## Supplied material
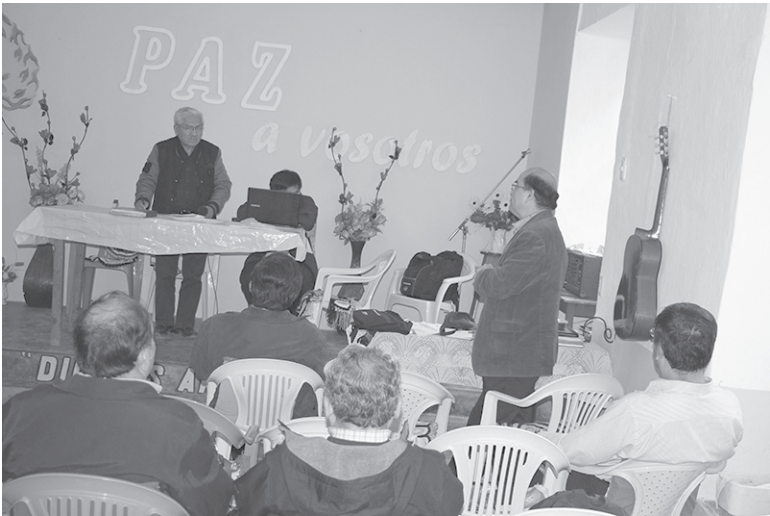
ASAMBLEA GENERAL DE LA IGLESIA EVANGÉLICA PRESBITERIANA DEL PERÚ 2016
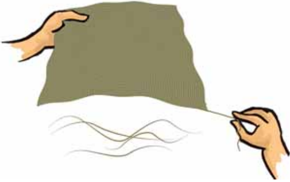
चित्र 3.3 कपड़े से कोई तागा या तंतु खींचना

तागा दिखाई न दे तो पिन अथवा सुई की सहायता से आप एक तागा धीरे-धीरे बाहर खींच सकते हैं। हम यह देखते हैं कि तागों को एक साथ व्यवस्थित करने पर वस्त्र बना है। ये तागे किससे बनते हैं?
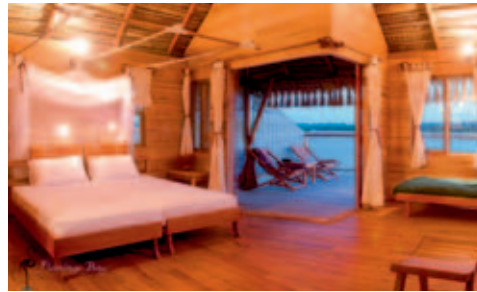
Flamingo Bay Water Lodge

Einrichtung: Unter schattenspendenden Palmen am traumhaften Sandstrand. Alle 20 Casitas (Chalets mit Riedgrasdach) verfügen über Dusche, WC und haben Strandsicht. Im riedgrasgedeckten Hauptgebäude befindet sich die Bar, der Ess- und der Aufenthaltsraum. Kleines Schwimmbad vorhanden. Zu den Aktivitäten gehören Tauchen, Schnorcheln, Segeln, Dhow-Kreuzfahrten und Reiten. Das bestens ausgerüstete Tauchcenter verfügt über alle notwendige Ausrüstung. Innerhalb einer vernünftigen Distanz zur Lodge stehen 15 Reefs (Tauchtiefe zwischen 8 und 30 Meter) zur Verfügung.
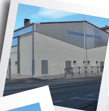
Gymnase ANRU - Alès
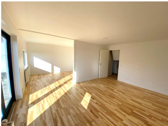
Færdigrenoveret bolig i Norre Bakke
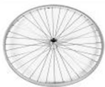
Заднее колесо, дизайнерское, 36 спиц, прямые спицы
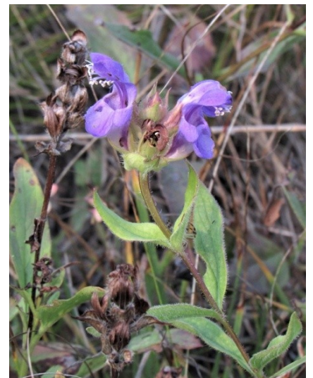
Фото 14. Черноголовка крупноцветковая
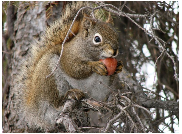
L'écureuil de la taïga
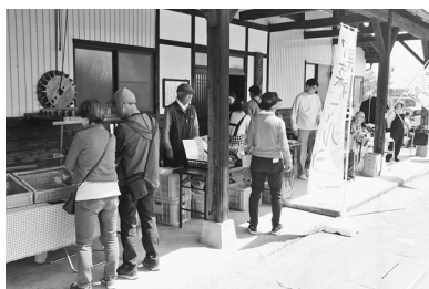
郷土歴史資料館前 オープン直後

「七二会をもっとPRしたい！地域を活性化したい！」との思いで住民有志が立ち上げた「七二会ふるさと会議」の主催で初めて開催しました。次回は、同会場で6月20日(土)午前10時30分から開催予定です。ふらっと立ち寄って、みんなでお茶飲み話でもしてみませんか。
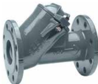
球型止回阀 产品系列：S53
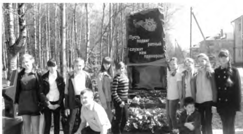
Мемориал «Аллея Славы» в поселке Майский

«Аллея славы». Величественный ансамбль из черного гранита и мрамора посвящен всем Героям – уроженцам Вологодского района, а также полным кавалерам ордена Славы. Аллею составляют 25 звезд с портретами воинов и памятный камень со словами: «Пусть подвиг ратный служит нам примером». Среди звезд есть в аллее и та, на которой высечено имя Александра Панкратова.
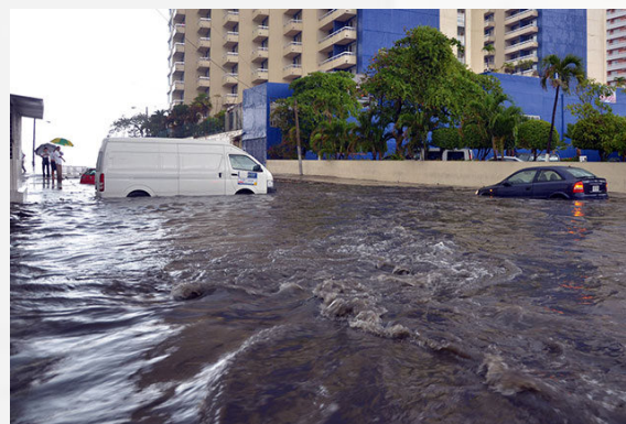
Figura 5. Las alcantarillas de la Costera Miguel Alemán no fueron suficientes para canalizar las lluvias que se presentaron durante el paso del Huracán Bárbara.

En el punto conocido como El Derrumbe , un deslave de rocas y lodo invadió parte del carril de la carretera Mozimba-Pie de la Cuesta.
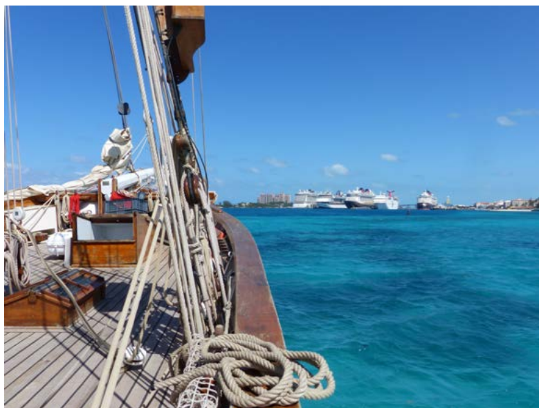
Arrivée de Fleur de Passion à Nassau, aux Bahamas.
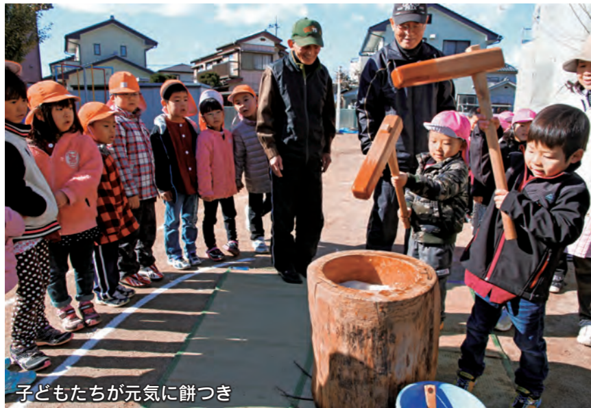
子どもたちが元気に餅つき
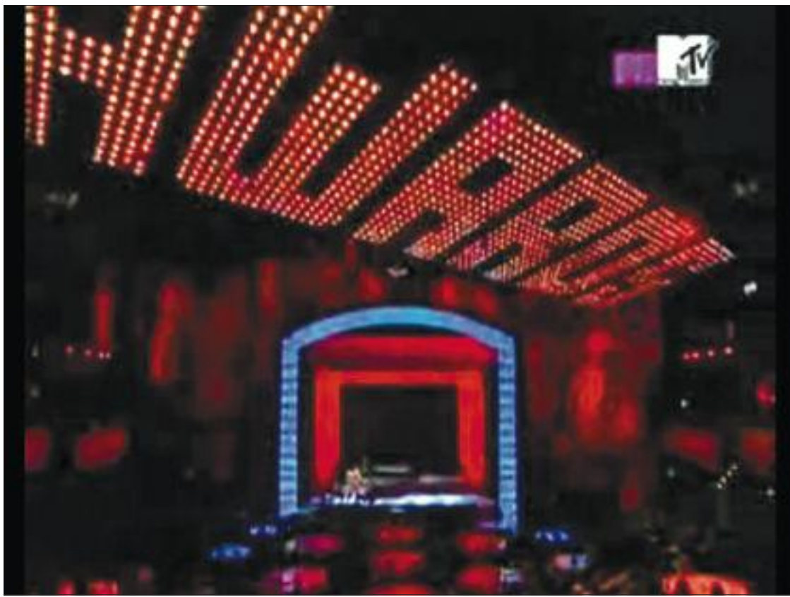
Vídeo de YouTube del programa de la gala de los premios MTV 2007.
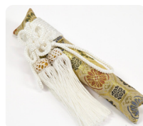
懐剣(お守り付きもあり)
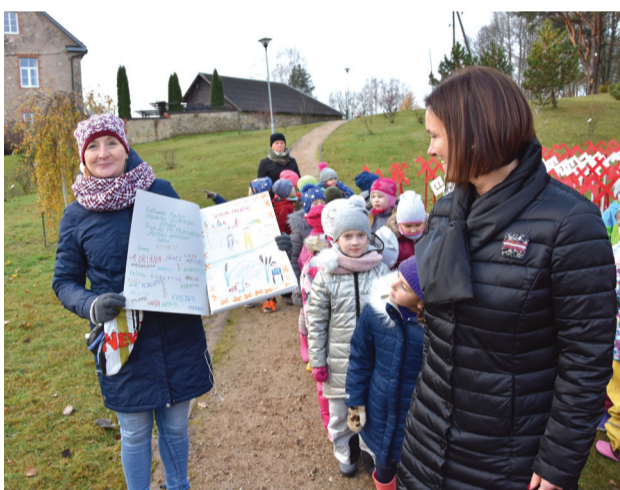
PII "Mežmaliņa" Pūcītes Skoliņas bērni uzzīmēja ilustrācijas vairāk kā 100 pasakām un izveidoja grāmatu ar 100 lappusēm.

## What needs to be done
Each line from the one that contains "Arrivée de Fleur" to the end of the listing must be quoted exactly; no other line and no picture belongs in the copy.

## Reply
Arrivée de Fleur de Passion à Nassau, aux Bahamas.
子どもたちが元気に餅つき
Vídeo de YouTube del programa de la gala de los premios MTV 2007.
懐剣(お守り付きもあり)
PII "Mežmaliņa" Pūcītes Skoliņas bērni uzzīmēja ilustrācijas vairāk kā 100 pasakām un izveidoja grāmatu ar 100 lappusēm.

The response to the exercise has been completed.